* **PROMPT**
Leave the pictures in the listing below aside and reproduce exactly the lines starting with the one with "This article expalins" and going on through the one with "메뉴가 보이기 시작합니다.", both ends included.

* **MATERIAL SHOWN**
━━━━━━━━━━━━━━━━

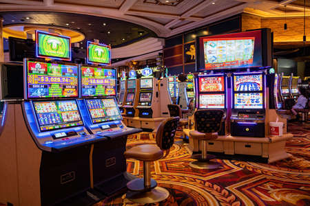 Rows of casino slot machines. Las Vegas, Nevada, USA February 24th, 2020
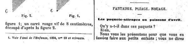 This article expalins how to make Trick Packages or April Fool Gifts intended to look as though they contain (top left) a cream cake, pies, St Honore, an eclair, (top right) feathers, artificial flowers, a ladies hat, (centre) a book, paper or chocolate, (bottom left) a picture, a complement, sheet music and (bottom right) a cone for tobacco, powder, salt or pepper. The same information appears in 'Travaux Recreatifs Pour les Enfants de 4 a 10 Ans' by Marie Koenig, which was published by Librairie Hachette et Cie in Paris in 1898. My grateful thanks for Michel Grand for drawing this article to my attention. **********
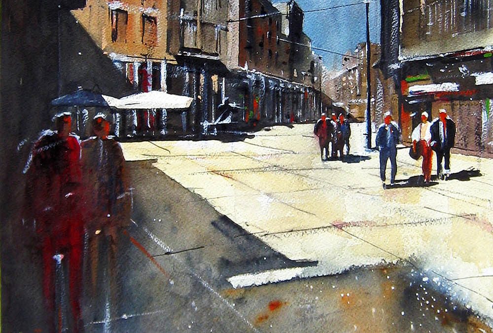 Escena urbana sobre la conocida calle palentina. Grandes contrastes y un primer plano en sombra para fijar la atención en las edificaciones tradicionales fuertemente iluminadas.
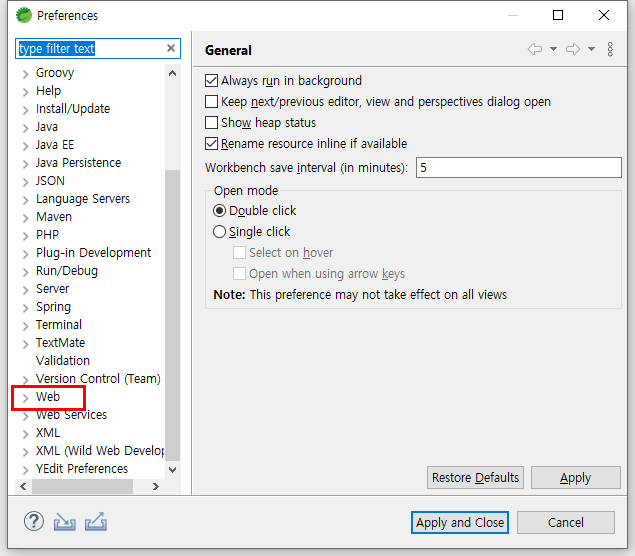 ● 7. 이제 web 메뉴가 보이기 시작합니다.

━━━━━━━━━━━━━━━━

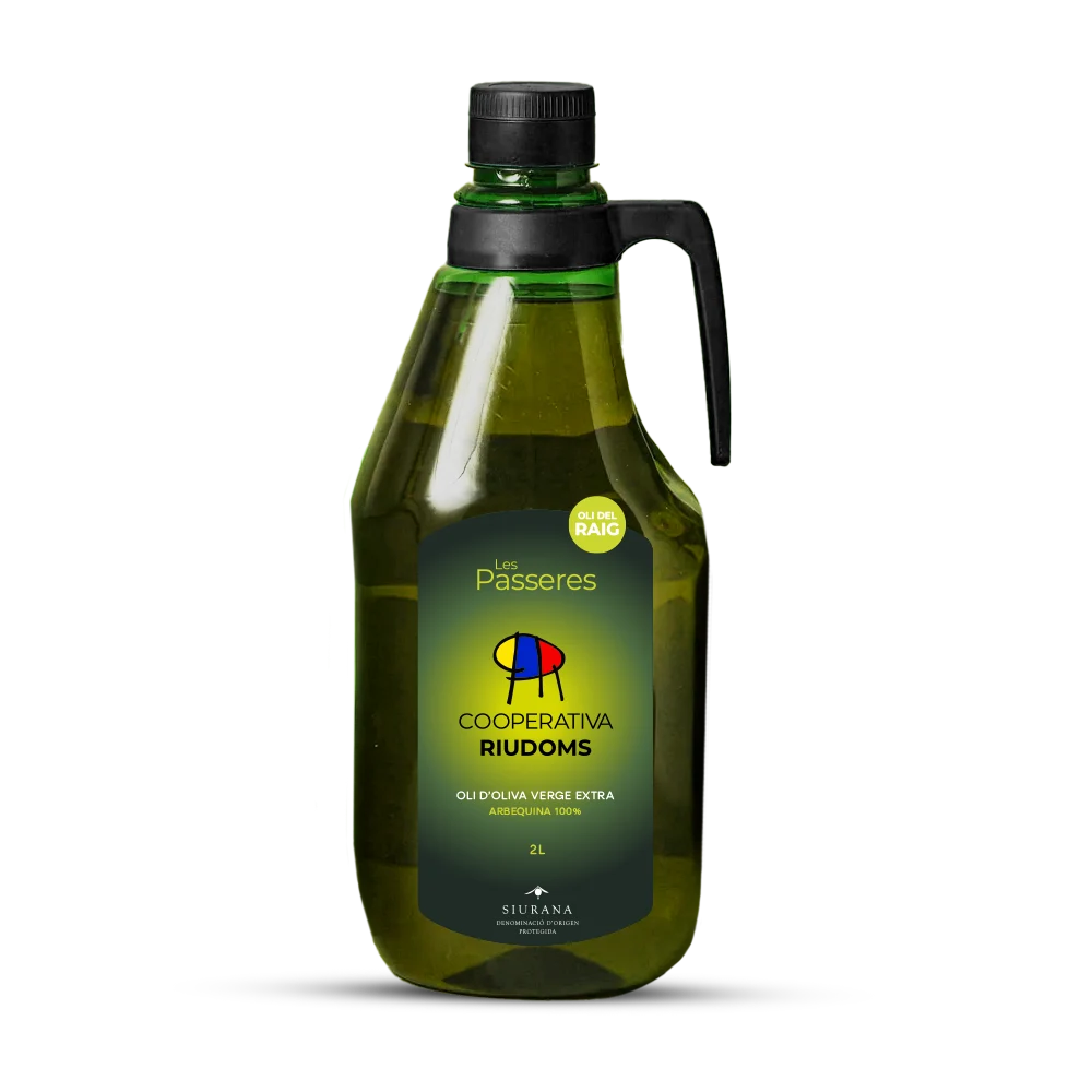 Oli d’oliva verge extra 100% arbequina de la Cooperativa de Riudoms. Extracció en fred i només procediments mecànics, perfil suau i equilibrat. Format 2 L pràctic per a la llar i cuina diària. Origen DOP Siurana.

━━━━━━━━━━━━━━━━

* **ANSWER BELOW**
 This article expalins how to make Trick Packages or April Fool Gifts intended to look as though they contain (top left) a cream cake, pies, St Honore, an eclair, (top right) feathers, artificial flowers, a ladies hat, (centre) a book, paper or chocolate, (bottom left) a picture, a complement, sheet music and (bottom right) a cone for tobacco, powder, salt or pepper. The same information appears in 'Travaux Recreatifs Pour les Enfants de 4 a 10 Ans' by Marie Koenig, which was published by Librairie Hachette et Cie in Paris in 1898. My grateful thanks for Michel Grand for drawing this article to my attention. **********
 Escena urbana sobre la conocida calle palentina. Grandes contrastes y un primer plano en sombra para fijar la atención en las edificaciones tradicionales fuertemente iluminadas.
 ● 7. 이제 web 메뉴가 보이기 시작합니다.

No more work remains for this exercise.